SOURCE MATERIAL below:

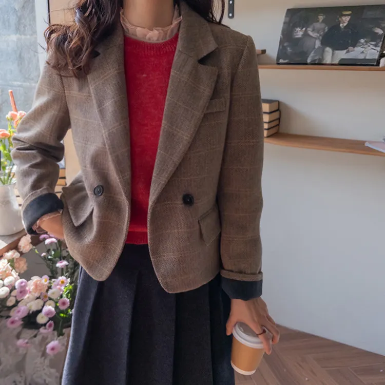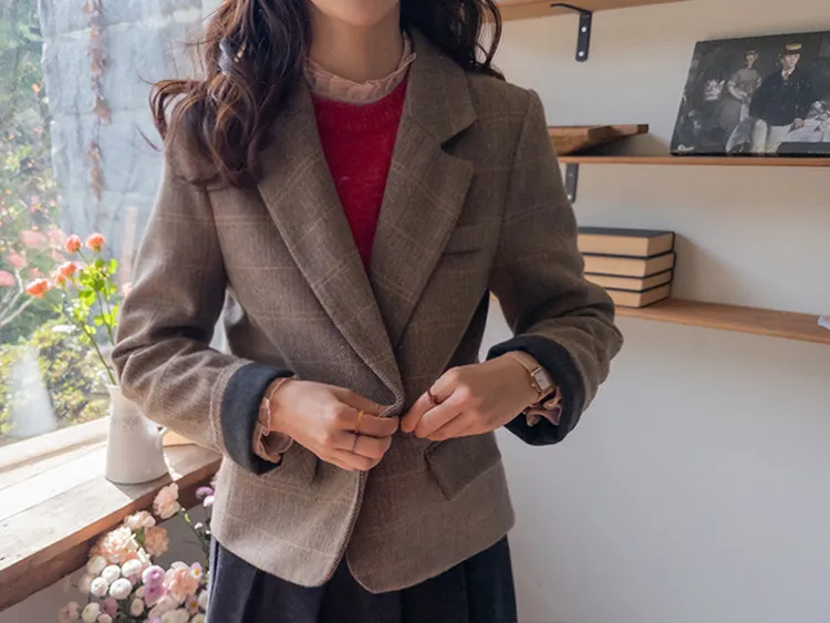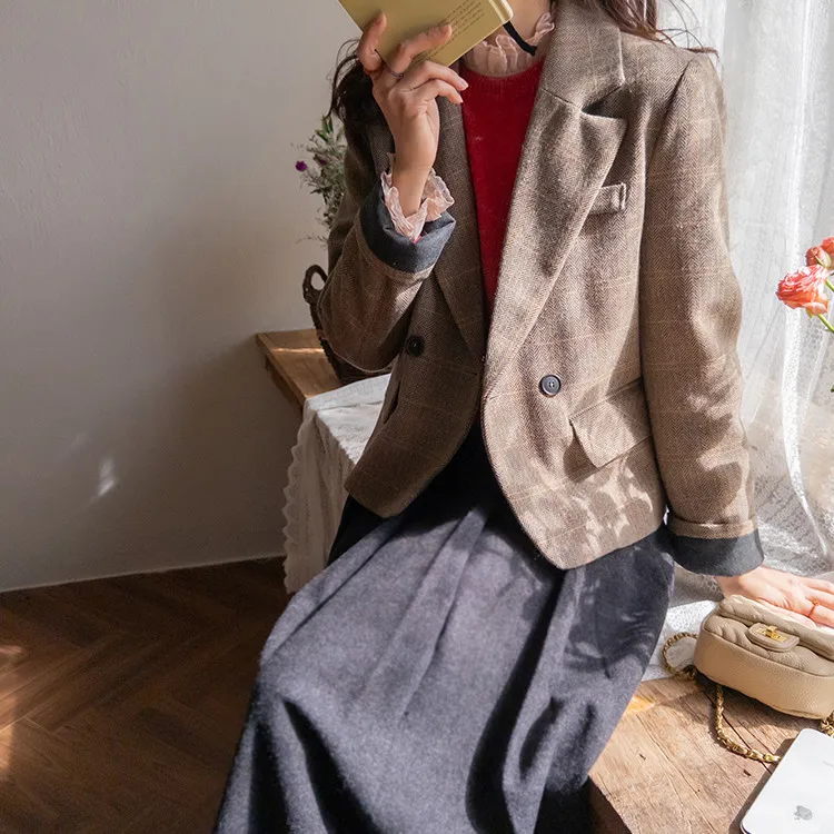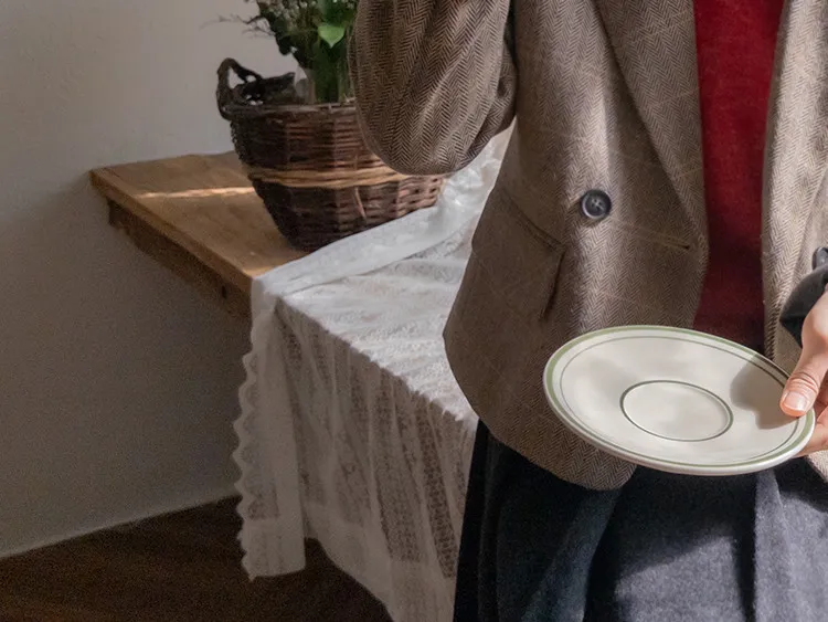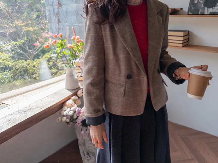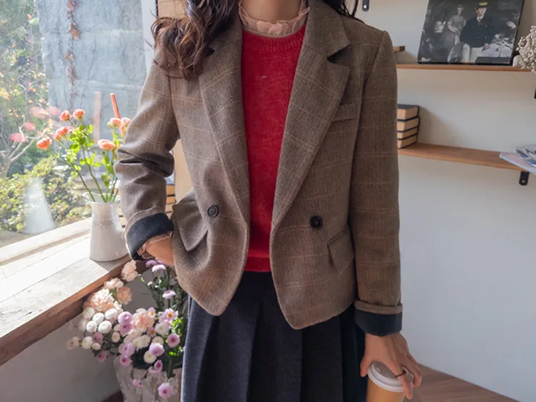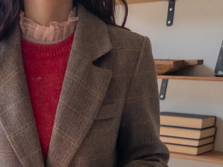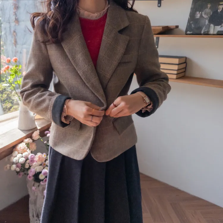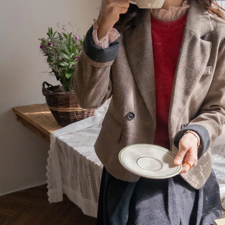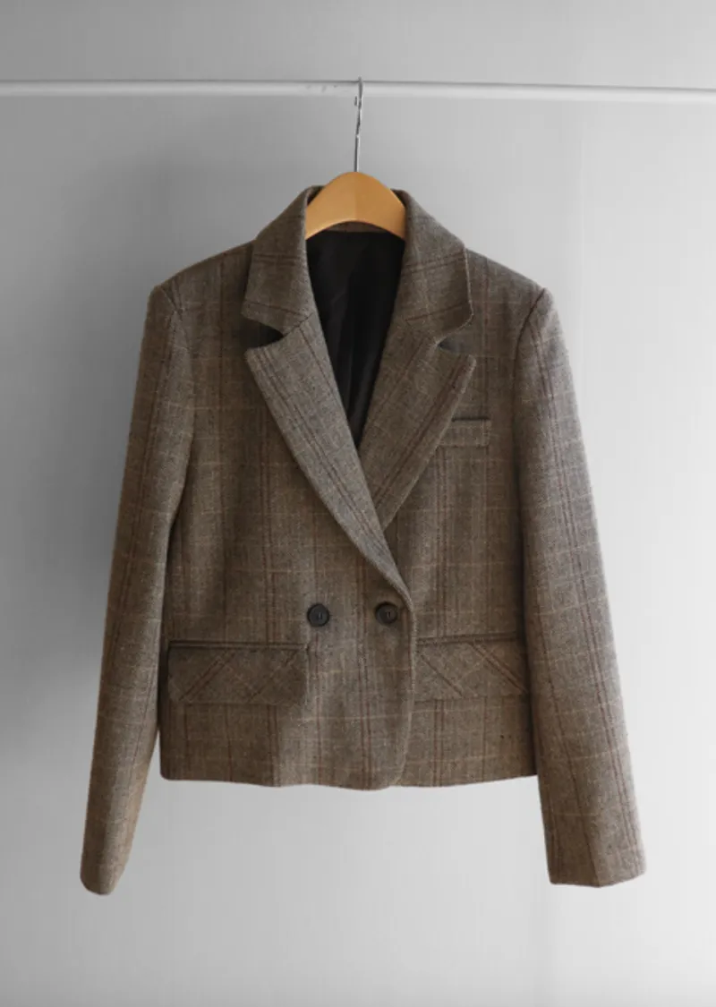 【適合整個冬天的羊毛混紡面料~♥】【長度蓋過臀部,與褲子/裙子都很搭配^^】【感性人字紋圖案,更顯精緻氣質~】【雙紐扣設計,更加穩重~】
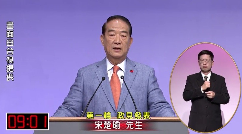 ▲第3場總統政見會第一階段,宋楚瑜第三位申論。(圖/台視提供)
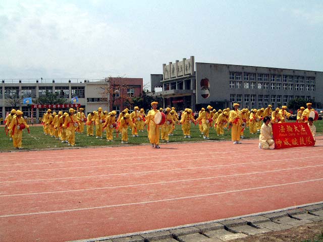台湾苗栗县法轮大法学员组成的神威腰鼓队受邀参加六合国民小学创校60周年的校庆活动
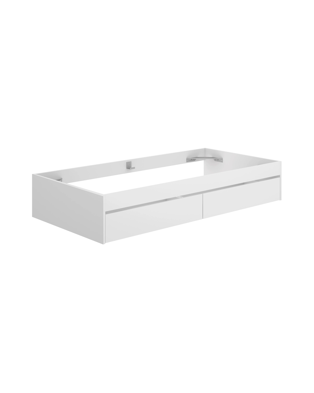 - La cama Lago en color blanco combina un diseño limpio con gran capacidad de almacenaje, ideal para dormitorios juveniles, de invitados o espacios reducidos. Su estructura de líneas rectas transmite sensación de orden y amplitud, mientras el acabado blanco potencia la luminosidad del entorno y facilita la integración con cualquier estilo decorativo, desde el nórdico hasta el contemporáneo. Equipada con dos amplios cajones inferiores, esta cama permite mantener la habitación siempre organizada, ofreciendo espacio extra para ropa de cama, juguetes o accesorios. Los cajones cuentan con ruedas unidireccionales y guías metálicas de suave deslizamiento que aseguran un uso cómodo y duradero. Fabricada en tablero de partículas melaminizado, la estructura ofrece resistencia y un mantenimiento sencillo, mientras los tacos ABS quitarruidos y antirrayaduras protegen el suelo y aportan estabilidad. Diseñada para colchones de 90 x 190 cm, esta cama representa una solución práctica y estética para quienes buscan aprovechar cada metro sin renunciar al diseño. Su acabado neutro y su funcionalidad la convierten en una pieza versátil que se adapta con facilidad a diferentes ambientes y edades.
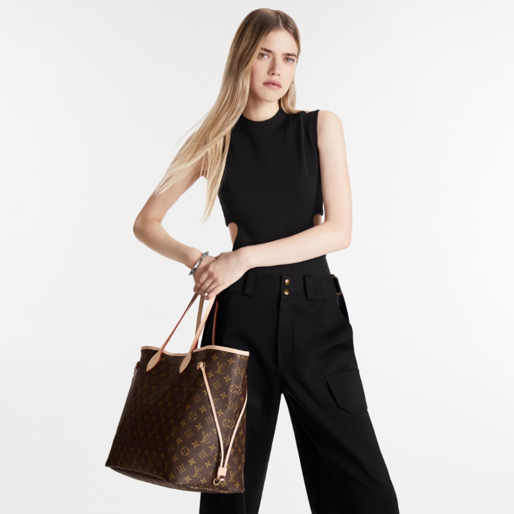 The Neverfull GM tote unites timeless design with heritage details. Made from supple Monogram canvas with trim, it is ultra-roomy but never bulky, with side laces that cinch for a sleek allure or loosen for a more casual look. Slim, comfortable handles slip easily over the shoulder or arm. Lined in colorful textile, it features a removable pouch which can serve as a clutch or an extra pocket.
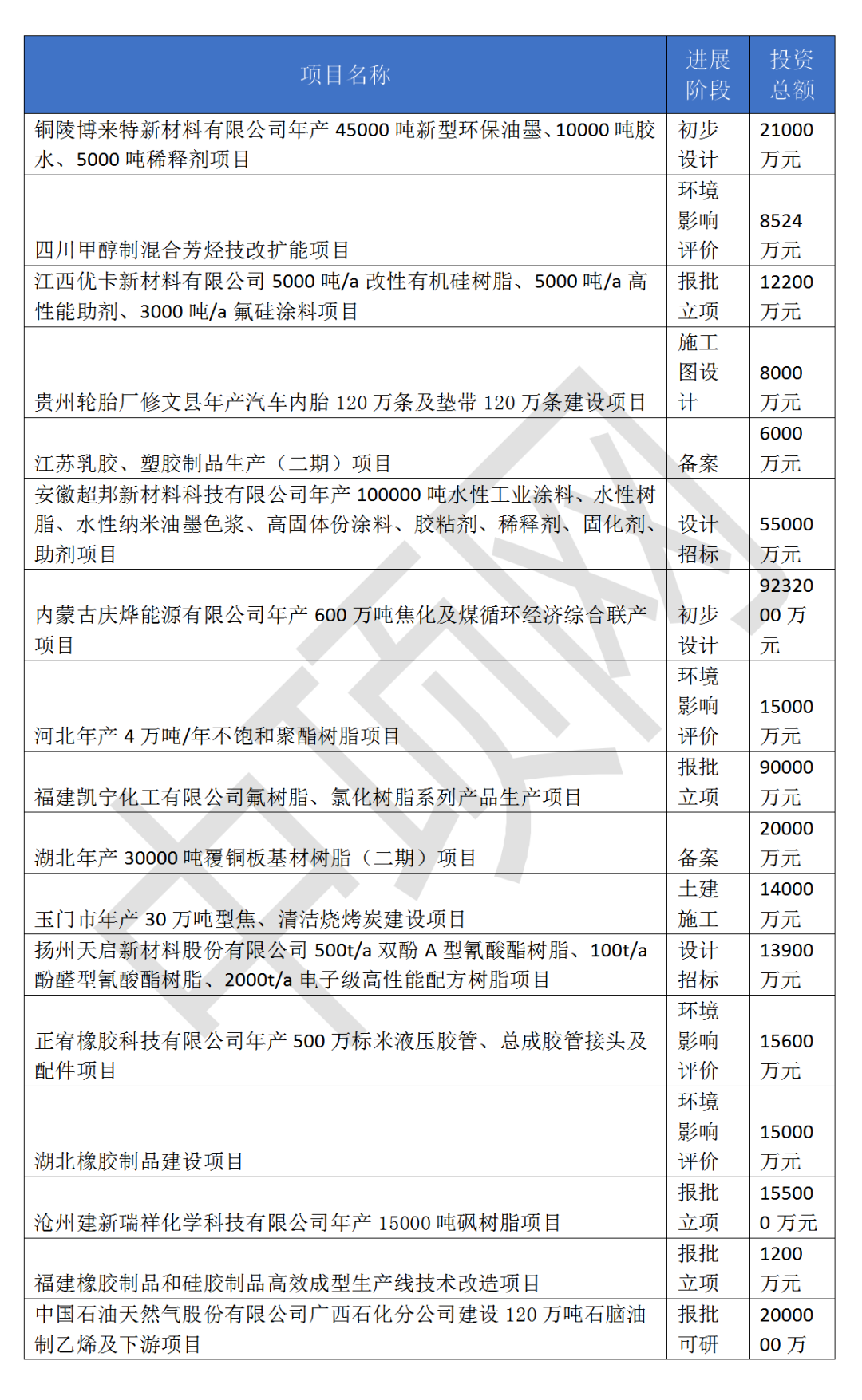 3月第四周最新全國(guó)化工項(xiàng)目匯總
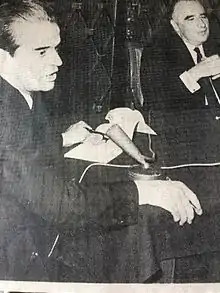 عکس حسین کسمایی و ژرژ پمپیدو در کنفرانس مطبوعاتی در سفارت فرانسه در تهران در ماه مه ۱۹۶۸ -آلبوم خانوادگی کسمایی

End of SOURCE MATERIAL.

A word-for-word copy of the data above is needed, one that omits the pictures.

 【適合整個冬天的羊毛混紡面料~♥】【長度蓋過臀部,與褲子/裙子都很搭配^^】【感性人字紋圖案,更顯精緻氣質~】【雙紐扣設計,更加穩重~】
 ▲第3場總統政見會第一階段,宋楚瑜第三位申論。(圖/台視提供)
台湾苗栗县法轮大法学员组成的神威腰鼓队受邀参加六合国民小学创校60周年的校庆活动
 - La cama Lago en color blanco combina un diseño limpio con gran capacidad de almacenaje, ideal para dormitorios juveniles, de invitados o espacios reducidos. Su estructura de líneas rectas transmite sensación de orden y amplitud, mientras el acabado blanco potencia la luminosidad del entorno y facilita la integración con cualquier estilo decorativo, desde el nórdico hasta el contemporáneo. Equipada con dos amplios cajones inferiores, esta cama permite mantener la habitación siempre organizada, ofreciendo espacio extra para ropa de cama, juguetes o accesorios. Los cajones cuentan con ruedas unidireccionales y guías metálicas de suave deslizamiento que aseguran un uso cómodo y duradero. Fabricada en tablero de partículas melaminizado, la estructura ofrece resistencia y un mantenimiento sencillo, mientras los tacos ABS quitarruidos y antirrayaduras protegen el suelo y aportan estabilidad. Diseñada para colchones de 90 x 190 cm, esta cama representa una solución práctica y estética para quienes buscan aprovechar cada metro sin renunciar al diseño. Su acabado neutro y su funcionalidad la convierten en una pieza versátil que se adapta con facilidad a diferentes ambientes y edades.
 The Neverfull GM tote unites timeless design with heritage details. Made from supple Monogram canvas with trim, it is ultra-roomy but never bulky, with side laces that cinch for a sleek allure or loosen for a more casual look. Slim, comfortable handles slip easily over the shoulder or arm. Lined in colorful textile, it features a removable pouch which can serve as a clutch or an extra pocket.
 3月第四周最新全國(guó)化工項(xiàng)目匯總
 عکس حسین کسمایی و ژرژ پمپیدو در کنفرانس مطبوعاتی در سفارت فرانسه در تهران در ماه مه ۱۹۶۸ -آلبوم خانوادگی کسمایی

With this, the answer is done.